云安街边有站着卖糖葫芦的大叔,耍杂技的爷爷,还有卖芝麻糊的大娘,把云安街衬得风生水起,顾钦放慢脚步走在阿妧身后。

        承德酒楼,真信布庄,明格药铺……他点着铺子,轻车熟路来到巷子的拐角,往左一转,直走十里,再向右看。巷子很狭窄,本该是清凉幽静,三人却感觉到一股热流,嘿,找着了,尽头有个大爷躺在铁炉旁边。

        这是一家非常简陋的铺子,铺顶的招牌不知被风雨淋了多少回,纸张又黄又皱,墨迹斑斑点点地晕染开,豪迈提笔的两字特别大——“食鸡”。

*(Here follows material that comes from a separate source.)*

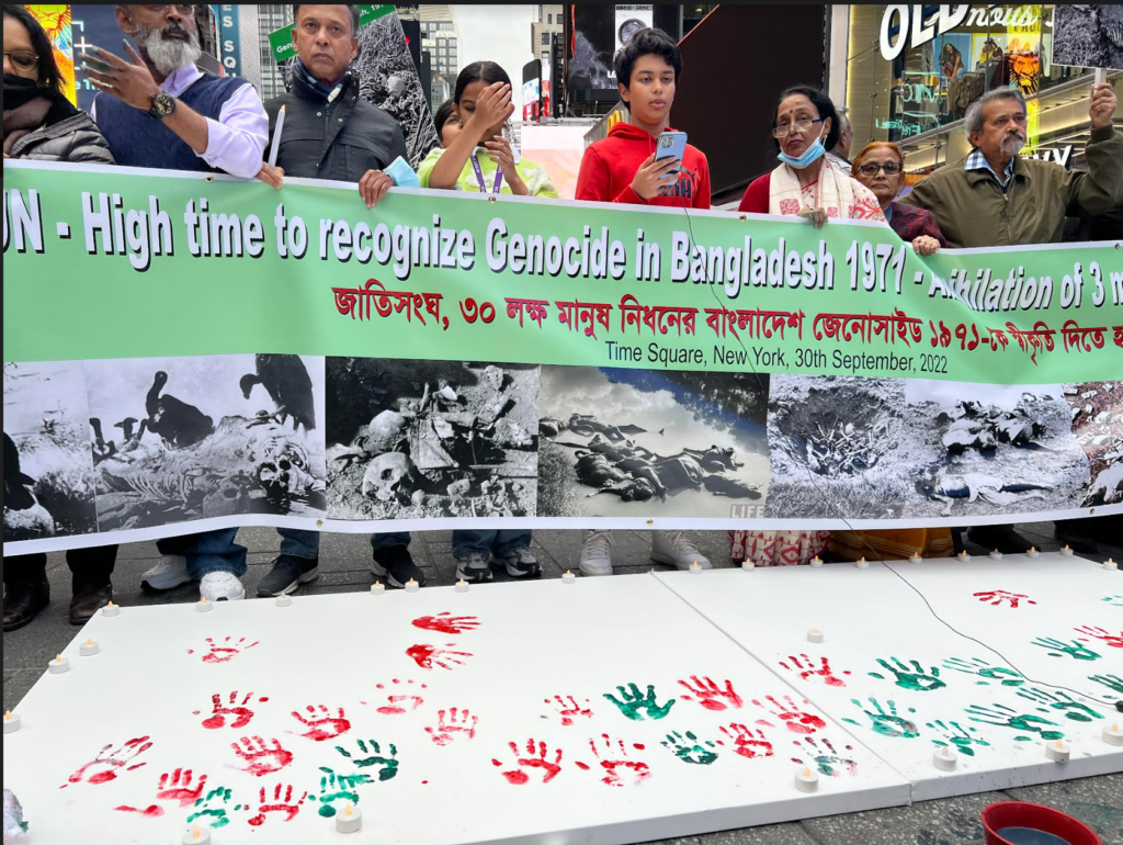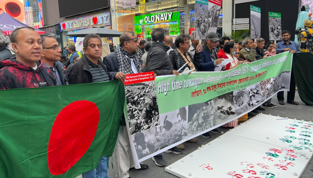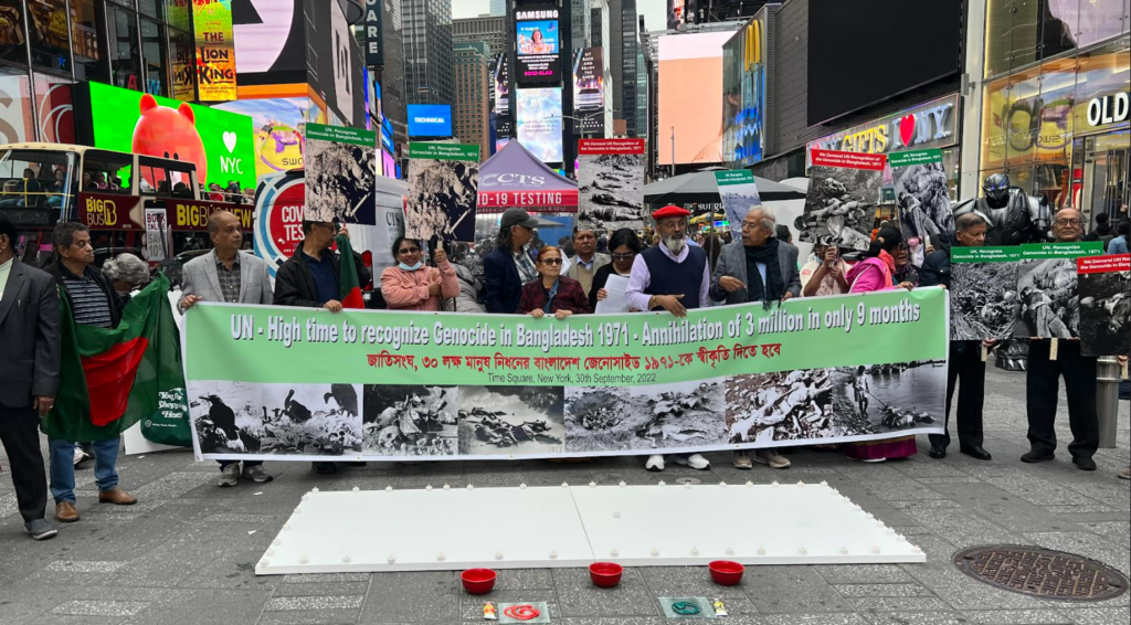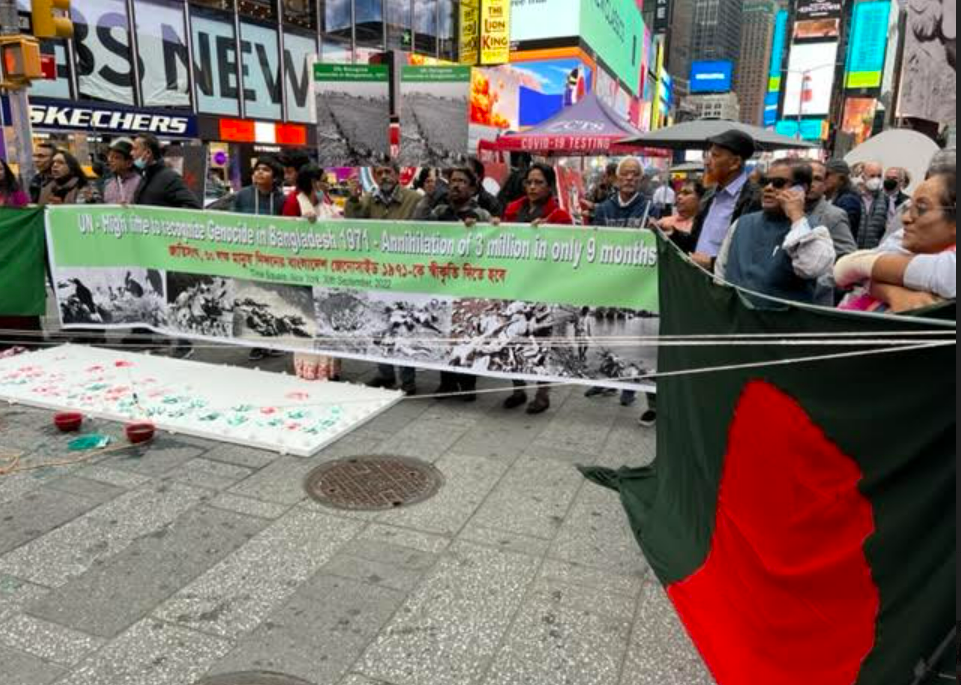 সন্ধান২৪.কমঃ ৩০ লক্ষ মানুষ নিধনের বাংলাদেশ জেনোসাইড ১৯৭১কে স্বীকৃতি দিতে জাতিসংঘের প্রতি আহ্বান জানিয়ে বিশ্বের রাজধানী হিসেবে খ্যাত নিউইয়র্কের টাইম স্কয়ারে এক সমাবেশের আয়োজন করা হয়।

        店面实在朴素,在收银柜旁摆了张桌椅,一个小型火炉对着桌椅,热温烫得空气波动,烤炉散发诱人的烤鸡味。一般正常人见状都会绕道走,因为这不是个寻吃食的好地方,火炉对着桌椅的距离极近,两者仅为一尺,抬个胳膊就能体验热辣的温度。

        在桌椅另一端,便是火炉最远处,驻了个躺椅,一位上了年纪的老大爷躺上边睡觉,左脚搭右脚,一只手用木扇扇凉风,惬意得很,看着更像是来过小生日子的。顾钦却对此毫不在意,冲躺椅上的人喊了句阿伯。

        大爷听见有人叫自己,眯开一只眼,直至看清来者,他连忙坐起身,扇子指着顾钦,臭骂道,脸上的笑容止不住的高兴:“臭小子,现在才记得要来看阿伯。”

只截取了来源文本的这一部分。